За небольшим столиком, сделанным из картонной коробки и небольшой фанеры сидели двое людей и играли в карты. Оба — в обмотках, оба — преклонного возраста. Стулом первого — лысеющего белого старика в перчатках без пальцев и тёплой песочной куртке — был ящик из-под боеприпасов, а второго — чёрного длинноволосого, но такого же седого бродяги в рваном пиджаке и смердящей рубашке — настоящее кресло, пускай тому и было лет сорок.
— Зависит от того, — сказал тот, передвинув гильзу в центр фанеры, — кто его спрашивает.
— Друг.
— Друг знает друга в лицо, — сказал второй, тоже передвинул гильзу, — а мой друг, уверен, не знает ни одного из вас.
— Верно, Ричард, верно — впервые вижу этих джентльменов. Вскрываем?
— Мы ищем того, кому в действительности принадлежит это имя.
— О, то есть вы знаете, что мой друг — не тот, кто вам нужен, но всё равно пришли к нему? Отрадная глупость, отрадная. Вскрываем.

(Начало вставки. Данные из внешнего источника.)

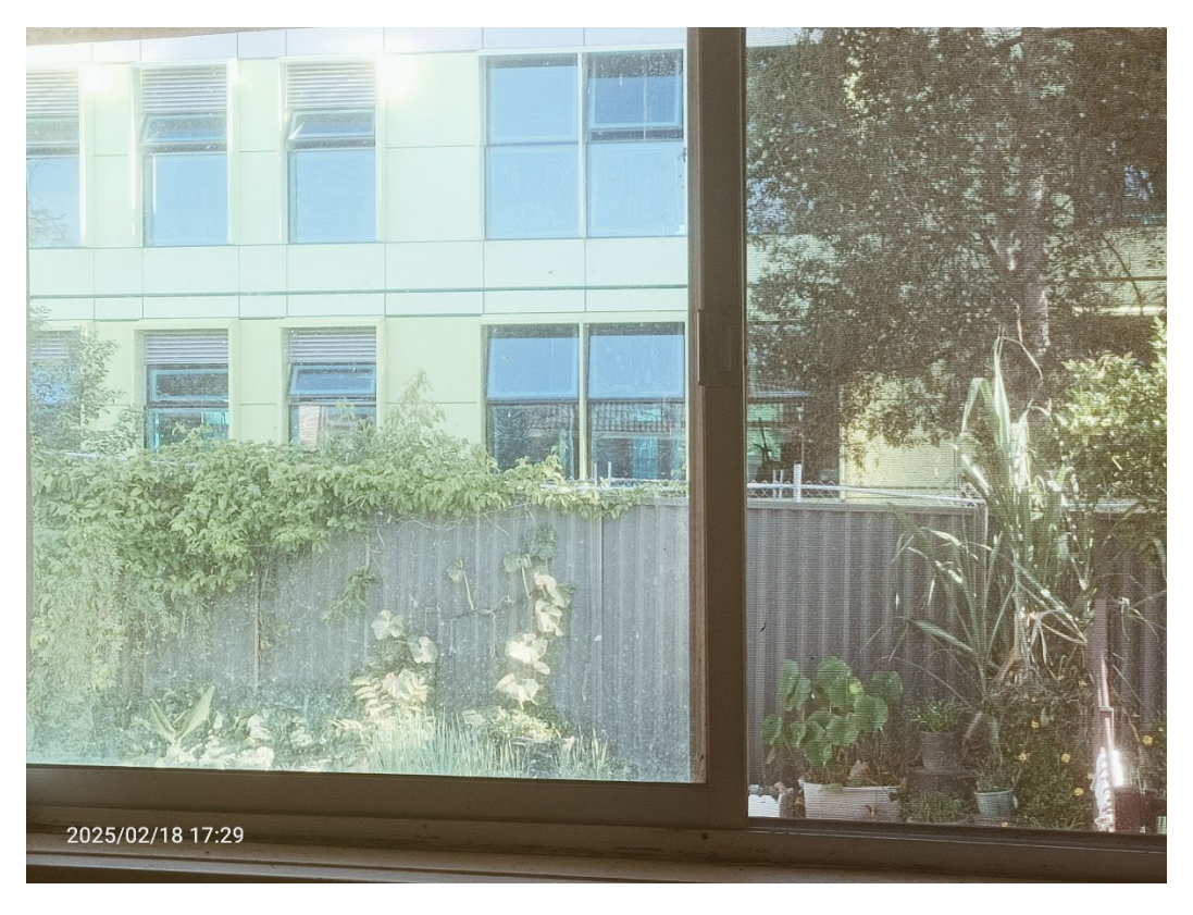
Photo 2 kitchen window view from No.9 Hilar Ave which is exposed to building W.

In addition, as per the existing trees in front of building W, please refer to the photos. we are still able to overlook each other which disturbs both privacies.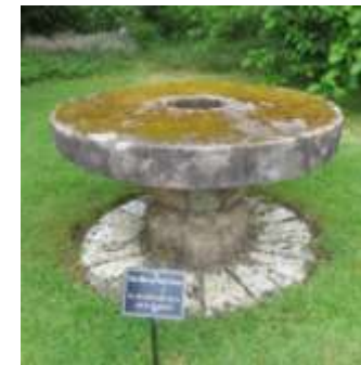
Inverary, Inverary Castle, Haunted Old Mill Stone in Grounds, 060816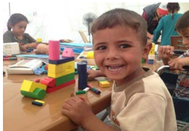
Students during Sport Activities in Dahuk Governorate, August 2016.

Strengthening education systems is a core component of the refugee education response as it allows education systems to better respond to the increased needs of Syrian and host communities children.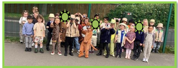
RECEPTION ON SAFARI 2026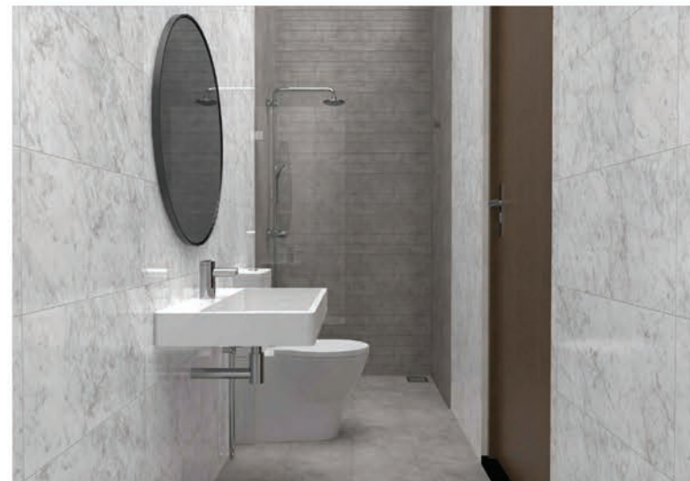
PERSPECTIVE VIEW 02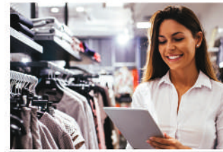
Small & Medium Business

This training program gives you an exhaustive understanding of all the HR subjects through theoretical and practical sessions by our very own industry experts. Our programs pave the way for you to learn your way to the top.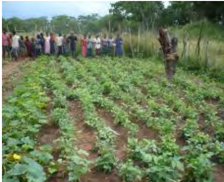
School Garden at Fiwila Community School in Mkushi District

Africare, in collaboration with CHANGES2 field officers and MOE staff, conducted support and monitoring trips to schools that had received school garden training last year. A total of 138 schools were visited. Among the schools visited, Central Province had the most, about 39 of which have performed very well and have even gone beyond what was expected. These schools have expanded and grown larger gardens from proceeds of the initial gardens that were established. They are now harvesting and selling most of the produce. As a result of the school garden activity, the MOE's school feeding program has also been strengthened due to the availability of food for needy children. Medicinal and pesticide trees, Neem and Moringa, have also been planted.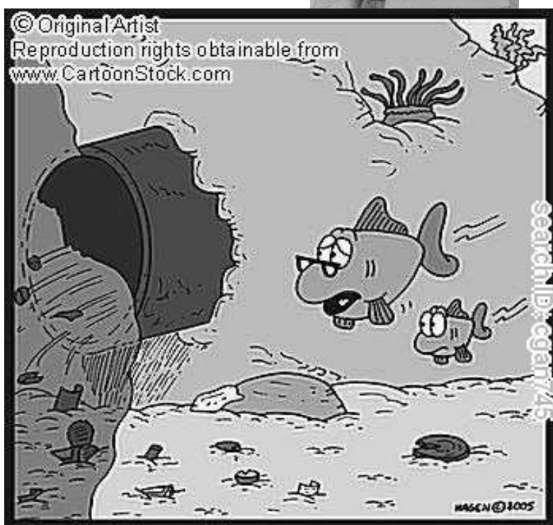
I used to play here as a kid, but of course, that was before Humans built that sewer pipe...

Buried Toxic Wastes -A protest by Love Canal residents, ca. 1978.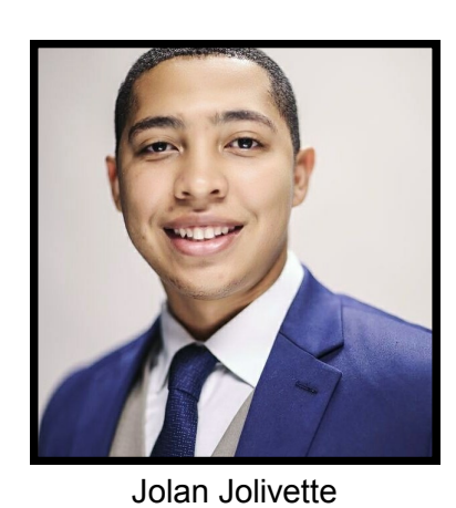
Governor's Office of Disability Affairs, Assistant Director

Governor's Office of Disability Affairs, Executive Director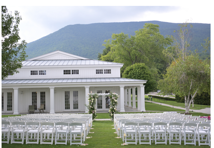
LINCOLN LAWN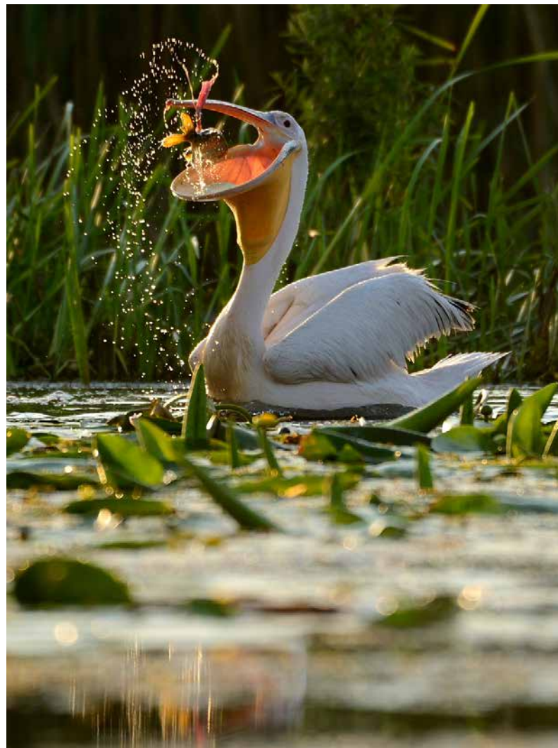
Fishing White Pelican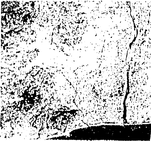
Fig 3. Result by Maximum percentage Method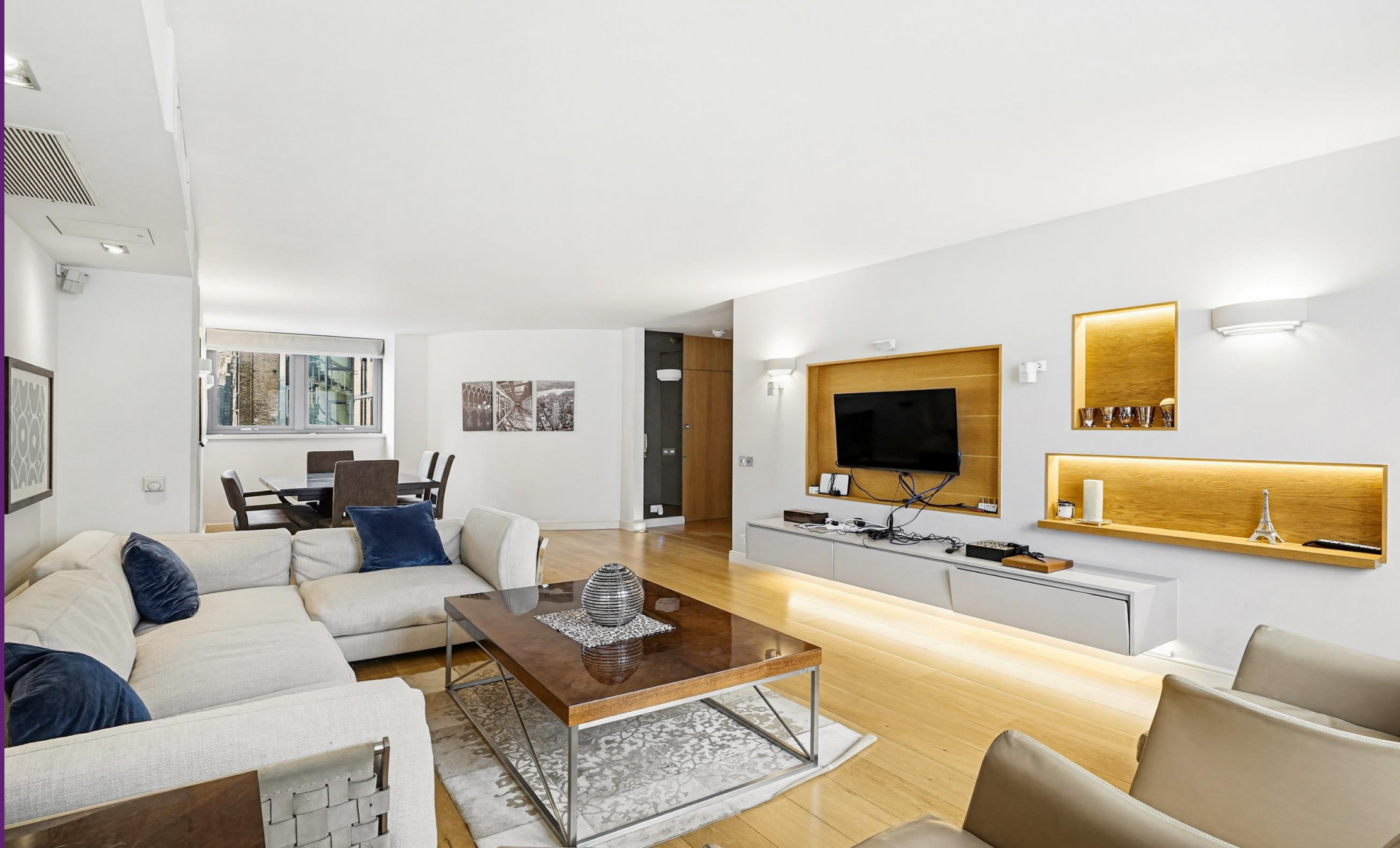
Bolebec House Lowndes Street, SW1X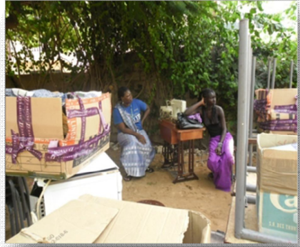
Friends helping to load furniture onto the truck while others wait with the rest!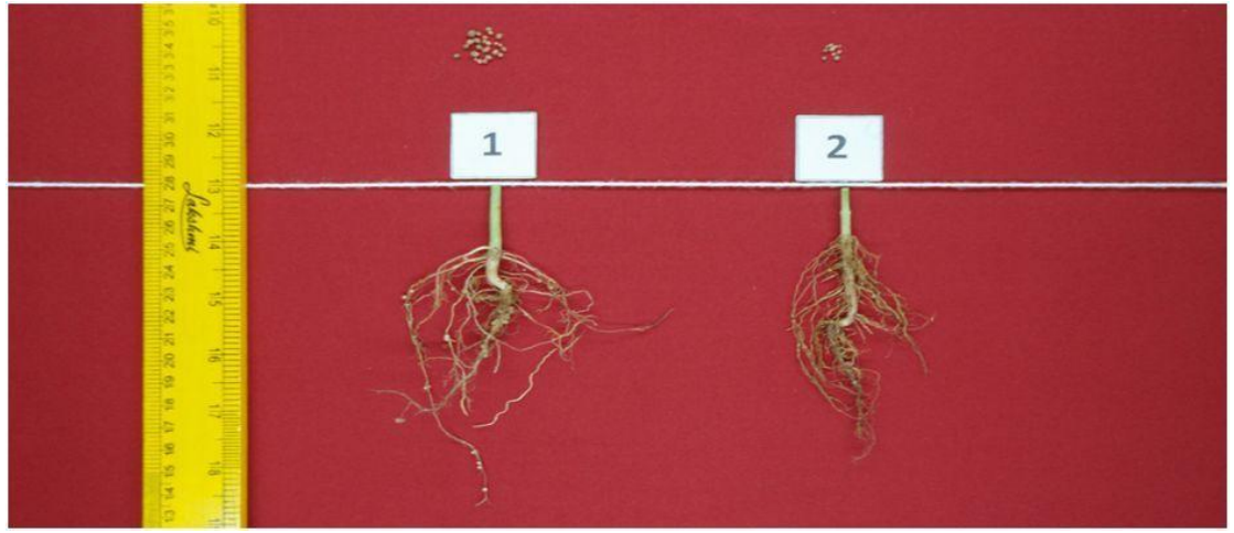
Figure 3: VAMBAN-2

Plate 1: Comparative gross morphology of root systems showing nodulation in three varieties of Vigna radiata (L.) Wilczek on 30 DAS (1: Control, 2: UV-B)

— Две пары, — старик в пиджаке раскрыл карты с пиковой и крестовой девятками. — Как видишь, математика на моей стороне.
— Твоя правда. Везение — на моей. Стрит, — на стол упала дама червей и бубновая десятка.
— Хм… Аплодирую стоя, — он действительно привстал и похлопал. — Такое хладнокровие, такой контроль микромимики — ты явно стал лучше играть, друг мой.
— Всё благодаря твоему учению.
— Мы вам не мешаем?
— Знаете, раз уж вы спросили… — начал тот, что в перчатках.
— Спокойно, Ричард. Гости тоже пришли за знаниями. Судя по форме их одежды, они либо бродяги, как мы, либо и вовсе не отсюда, так что знания им в корне необходимы и более приоритетны, чем наша с тобой игра. Иди, неси в мир свои навыки. Увидимся… позже. На перекрёстке с восточным тоннелем, — «Джонс» отправил своего партнёра по игре подальше, а сам раскинулся в кресле. — Ну, чем я вам обязан?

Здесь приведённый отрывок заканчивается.